Host node:The node of reading and writing service is externally provided, write operation is converted into modification daily record, it is synchronous
To all from node;
From node:Receive the daily record that host node synchronously comes, judge whether to receive by protocol conventions
Daily record, if can receive, return receives to be applied in internal memory successfully and by daily record, otherwise returns and connects
By failure.
Configuration center is the storage system of node start-up parameter persistence, when each node starts from configuration
The configuration parameter that election stage and service stage should be used is obtained in the heart, is stored in internal memory, and corresponding
Stage application.
Operation management system:Alternatively referred to as operation and maintenance tools, send the request of modification parameter when being necessary
To any node.It can be performed on the machine where any one node from the nodes records to local
Daily record is extracted in daily record, the operation of other normal nodes is synchronized to;Current cluster interior joint can be checked
State, determine the number of normal node and the number of abnormal nodes;Judge whether to need promptly to be located
Manage to recover normal service;And, it is determined which kind of emergent management scheme, etc. used.Fortune in text
Dimension management system includes being used to complete corresponding operation maintenance, the various functions module of management function.In entity
On, it can be deployed in metadata node, other equipment can also be deployed as, can be real with individual equipment
It is existing, it can also be realized with multiple equipment, this present invention is not limited to.
Client (Client):The process of reading and writing metadata request is initiated, the request of metadata is read and write all
Current host node is sent to, if write operation is received that modification daily record can be produced in host node.

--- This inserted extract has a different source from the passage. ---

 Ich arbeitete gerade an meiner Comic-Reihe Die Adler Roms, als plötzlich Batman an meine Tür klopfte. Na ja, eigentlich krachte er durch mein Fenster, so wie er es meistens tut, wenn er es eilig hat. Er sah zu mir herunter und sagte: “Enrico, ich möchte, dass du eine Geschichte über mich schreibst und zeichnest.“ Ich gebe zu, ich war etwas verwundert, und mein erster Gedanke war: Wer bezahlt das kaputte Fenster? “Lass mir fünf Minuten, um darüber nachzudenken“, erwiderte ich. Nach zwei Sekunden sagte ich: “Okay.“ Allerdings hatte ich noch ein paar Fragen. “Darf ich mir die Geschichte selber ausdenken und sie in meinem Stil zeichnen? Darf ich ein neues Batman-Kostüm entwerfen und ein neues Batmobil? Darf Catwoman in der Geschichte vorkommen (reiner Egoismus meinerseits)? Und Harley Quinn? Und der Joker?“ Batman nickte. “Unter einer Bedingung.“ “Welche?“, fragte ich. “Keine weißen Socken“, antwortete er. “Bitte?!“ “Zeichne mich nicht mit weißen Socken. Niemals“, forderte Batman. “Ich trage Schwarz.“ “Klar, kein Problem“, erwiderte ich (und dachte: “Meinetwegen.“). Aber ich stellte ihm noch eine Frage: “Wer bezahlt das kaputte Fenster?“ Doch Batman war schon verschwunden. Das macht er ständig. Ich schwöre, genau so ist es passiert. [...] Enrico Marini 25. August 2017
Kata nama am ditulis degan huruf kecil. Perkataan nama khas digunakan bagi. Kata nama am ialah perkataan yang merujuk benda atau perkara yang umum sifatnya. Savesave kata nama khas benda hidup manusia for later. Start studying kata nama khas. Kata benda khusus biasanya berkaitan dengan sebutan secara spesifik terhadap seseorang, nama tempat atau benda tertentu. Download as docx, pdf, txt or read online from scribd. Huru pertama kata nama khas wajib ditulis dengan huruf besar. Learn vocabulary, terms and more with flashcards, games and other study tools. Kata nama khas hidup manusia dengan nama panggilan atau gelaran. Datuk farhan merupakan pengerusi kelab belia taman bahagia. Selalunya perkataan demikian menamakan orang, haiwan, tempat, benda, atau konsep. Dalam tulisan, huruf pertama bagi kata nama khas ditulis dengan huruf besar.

Set the parameter in current normal metadata node internal memory in second step to match somebody with somebody using operation and maintenance tools
The new parameter put.
The relevant treatment of metadata node cluster is divided into election stage and service stage, wherein:
The election stage:
This stage allows multiple nodes to participate in election process, and determines externally to provide the host node of service, its
His node becomes from node.In Paxos agreements, completing election needs two parameters T and E..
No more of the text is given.